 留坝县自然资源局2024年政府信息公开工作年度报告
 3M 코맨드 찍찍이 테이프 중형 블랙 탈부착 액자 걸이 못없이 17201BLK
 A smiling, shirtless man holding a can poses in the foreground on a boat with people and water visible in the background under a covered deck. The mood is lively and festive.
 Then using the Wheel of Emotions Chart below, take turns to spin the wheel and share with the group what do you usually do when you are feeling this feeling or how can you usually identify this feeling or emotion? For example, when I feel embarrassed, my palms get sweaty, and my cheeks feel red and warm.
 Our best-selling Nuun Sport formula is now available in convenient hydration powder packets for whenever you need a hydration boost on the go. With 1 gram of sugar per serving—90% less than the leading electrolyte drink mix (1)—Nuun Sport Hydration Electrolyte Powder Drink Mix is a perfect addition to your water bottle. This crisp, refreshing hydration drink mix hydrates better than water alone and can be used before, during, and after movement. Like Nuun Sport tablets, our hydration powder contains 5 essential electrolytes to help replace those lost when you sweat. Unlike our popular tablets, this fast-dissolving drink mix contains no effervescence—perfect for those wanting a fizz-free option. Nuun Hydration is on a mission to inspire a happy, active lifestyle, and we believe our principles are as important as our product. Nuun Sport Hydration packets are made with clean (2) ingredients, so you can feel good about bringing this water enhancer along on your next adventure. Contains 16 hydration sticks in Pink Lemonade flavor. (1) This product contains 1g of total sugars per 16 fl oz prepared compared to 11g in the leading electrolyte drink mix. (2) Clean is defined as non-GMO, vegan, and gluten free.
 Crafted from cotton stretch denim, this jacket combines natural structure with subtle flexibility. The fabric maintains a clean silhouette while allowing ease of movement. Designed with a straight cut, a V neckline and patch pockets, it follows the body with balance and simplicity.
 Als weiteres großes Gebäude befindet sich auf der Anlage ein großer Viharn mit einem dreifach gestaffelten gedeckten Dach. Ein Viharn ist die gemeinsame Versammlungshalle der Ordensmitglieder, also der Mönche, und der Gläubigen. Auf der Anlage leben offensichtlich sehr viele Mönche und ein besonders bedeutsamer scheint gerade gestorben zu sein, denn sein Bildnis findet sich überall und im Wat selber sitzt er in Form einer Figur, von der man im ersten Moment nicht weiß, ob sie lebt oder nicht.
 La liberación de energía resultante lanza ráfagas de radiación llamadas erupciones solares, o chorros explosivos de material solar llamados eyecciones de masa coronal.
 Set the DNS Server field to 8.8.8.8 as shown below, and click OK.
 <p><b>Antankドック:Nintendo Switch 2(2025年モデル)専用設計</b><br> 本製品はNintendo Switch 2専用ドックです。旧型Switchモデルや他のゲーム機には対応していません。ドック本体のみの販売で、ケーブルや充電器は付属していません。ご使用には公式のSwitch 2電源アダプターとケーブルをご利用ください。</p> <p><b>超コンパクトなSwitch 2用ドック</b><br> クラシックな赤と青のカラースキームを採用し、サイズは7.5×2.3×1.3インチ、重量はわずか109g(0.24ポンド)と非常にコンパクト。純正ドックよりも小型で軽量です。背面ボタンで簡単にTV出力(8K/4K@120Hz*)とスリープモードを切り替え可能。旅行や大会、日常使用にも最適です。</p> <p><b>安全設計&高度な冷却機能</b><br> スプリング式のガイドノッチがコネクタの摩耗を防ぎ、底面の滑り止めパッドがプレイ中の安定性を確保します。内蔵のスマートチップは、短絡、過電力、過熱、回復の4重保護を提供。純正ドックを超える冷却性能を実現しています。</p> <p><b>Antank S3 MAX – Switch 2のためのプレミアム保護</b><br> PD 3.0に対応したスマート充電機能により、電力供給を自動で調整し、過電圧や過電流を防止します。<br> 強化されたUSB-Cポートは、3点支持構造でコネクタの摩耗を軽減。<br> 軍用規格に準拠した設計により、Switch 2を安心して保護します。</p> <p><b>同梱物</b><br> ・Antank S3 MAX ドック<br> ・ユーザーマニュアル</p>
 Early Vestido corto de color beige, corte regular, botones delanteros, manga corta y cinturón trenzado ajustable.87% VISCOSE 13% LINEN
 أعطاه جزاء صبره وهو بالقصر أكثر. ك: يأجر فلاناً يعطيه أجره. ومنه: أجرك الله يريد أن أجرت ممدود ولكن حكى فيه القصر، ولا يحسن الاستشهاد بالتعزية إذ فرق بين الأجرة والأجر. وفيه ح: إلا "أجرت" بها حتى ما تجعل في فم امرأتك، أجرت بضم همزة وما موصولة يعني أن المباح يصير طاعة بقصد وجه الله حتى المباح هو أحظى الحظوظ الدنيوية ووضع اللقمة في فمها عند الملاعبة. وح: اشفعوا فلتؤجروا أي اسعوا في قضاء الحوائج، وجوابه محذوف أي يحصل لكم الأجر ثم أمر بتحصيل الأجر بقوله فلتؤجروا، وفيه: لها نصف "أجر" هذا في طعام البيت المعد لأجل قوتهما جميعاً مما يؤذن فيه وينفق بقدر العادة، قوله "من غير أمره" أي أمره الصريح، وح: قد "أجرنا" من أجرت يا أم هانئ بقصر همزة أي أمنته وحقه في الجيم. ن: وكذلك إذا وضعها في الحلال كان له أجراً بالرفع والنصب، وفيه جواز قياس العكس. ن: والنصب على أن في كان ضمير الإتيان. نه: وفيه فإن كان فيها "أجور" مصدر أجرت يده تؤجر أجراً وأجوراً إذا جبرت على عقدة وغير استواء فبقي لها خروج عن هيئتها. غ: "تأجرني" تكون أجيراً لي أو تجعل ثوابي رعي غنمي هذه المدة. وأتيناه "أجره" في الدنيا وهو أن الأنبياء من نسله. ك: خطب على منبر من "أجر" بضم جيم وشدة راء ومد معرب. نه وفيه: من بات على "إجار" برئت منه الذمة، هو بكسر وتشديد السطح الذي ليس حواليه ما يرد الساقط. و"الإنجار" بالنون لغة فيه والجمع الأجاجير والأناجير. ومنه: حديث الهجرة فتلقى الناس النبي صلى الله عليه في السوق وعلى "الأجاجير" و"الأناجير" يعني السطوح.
:::::
> **Directions for this task**
Print again the lines of the entries above that fall between the line holding "La liberación de" and the line holding "Set the DNS", inclusive, exactly as they stand.

> **Result of the task**
 La liberación de energía resultante lanza ráfagas de radiación llamadas erupciones solares, o chorros explosivos de material solar llamados eyecciones de masa coronal.
 Set the DNS Server field to 8.8.8.8 as shown below, and click OK.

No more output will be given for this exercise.